When an agent takes over that communication, something changes structurally: the work gets logged and structured instead of buried. Every exception becomes an event with context attached, and that context can be written back where it belongs.

That's why catching up actually holds, instead of the backlog quietly rebuilding six months later.

Four questions worth asking

Before AI even comes up, these are the questions that tell you how much debt an operation is carrying:

  1. How many "source of truth" spreadsheets run outside the ERP? Not how many exist — how many are load-bearing.
  2. When a supplier or tariff changes, how many days until the system reflects it?

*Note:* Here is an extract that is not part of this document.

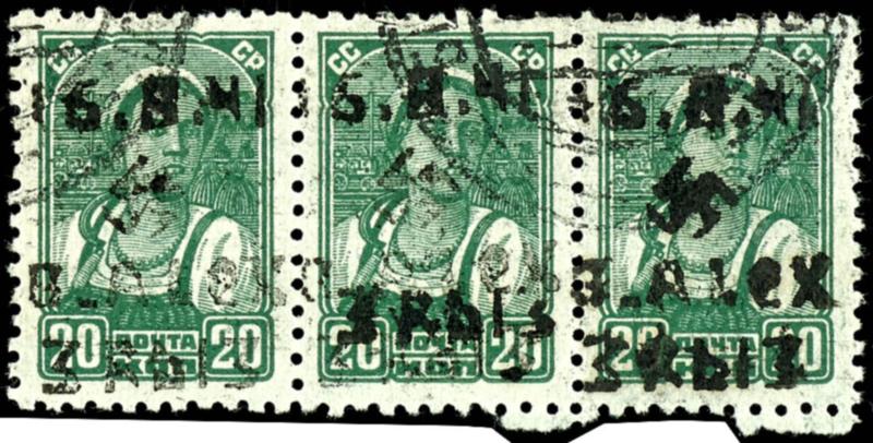 3 R on 20 Kopeks, black-yellow-green, overprint in Type III (swastika 4 mm), horizontal strip of three! postmarked with a Cyrillic stamp, the perforations are slightly shortened in the upper row for two stamps, otherwise the condition is flawless, units of this stamp are extremely rare, signed Pickenpack et alia, photo certificates Werner Pickenpack BPP (1971): \ This is the only strip of three of number 2 that I know of so far. \ and Walter Zirath BPP (2025) \The strip of three is very rare.\, Michel 5. 400.- (9III) Certificate 3 R auf 20 Kop. Werktätige schwarzgelbgrün, Aufdruck in Type III (Hakenkreuz 4mm), waagerechter Dreierstreifen!, entwertet mit kyrillischem Stempel, in der oberen Zähnung bei zwei Marken leicht verkürzte Zähne, die sonstige Erhaltung ist tadellos, Einheiten dieser Marke sind äußerst selten, signiert Pickenpack et alia, Fotoatteste Werner Pickenpack BPP (1971):\ Es handelt sich um den bisher einzigen mir bekannten 3er Streifen der Nr.9.\ und Walter Zirath BPP (2025) \Der Dreierstreifen ist sehr selten.\, Mi. 5.400.- (Image)

That number is your snapshot lag, and everything in the gap is being absorbed by people.
  3. For the last major exception — where does the audit trail actually live? If the honest answer is a sent folder, that's compliance debt with a name.
  4. Who's carrying that reconciliation by hand? And what would they be doing if they weren't?

None of these questions are about AI. They're about how far the business has drifted from the system that's supposed to describe it. The answers tend to be more uncomfortable — and more actionable — than any readiness assessment.

The number that actually moved

I understand why headcount became the metric. It's legible, it's on a spreadsheet a CFO already reads, and it makes the business case easy to write.

But across 40+ deployments, it isn't what changed. And I'd argue it was never the right thing to watch.

Whether the team can finally get ahead of the work — whether the business is running on a system of record that reflects reality, or on a shadow layer of spreadsheets and inboxes that happens to be faster — that's the one that moved.

That's also the one that compounds. A team that's caught up can respond to the next tariff, the next supplier failure, the next demand swing. A team that's behind is just choosing which fire to let burn.

Headcount was never the number to watch.

Working through the same thing in your operation? I'm curious how it's landed for you — when you brought AI in, did it change your headcount, or did it change how much your existing team could get through?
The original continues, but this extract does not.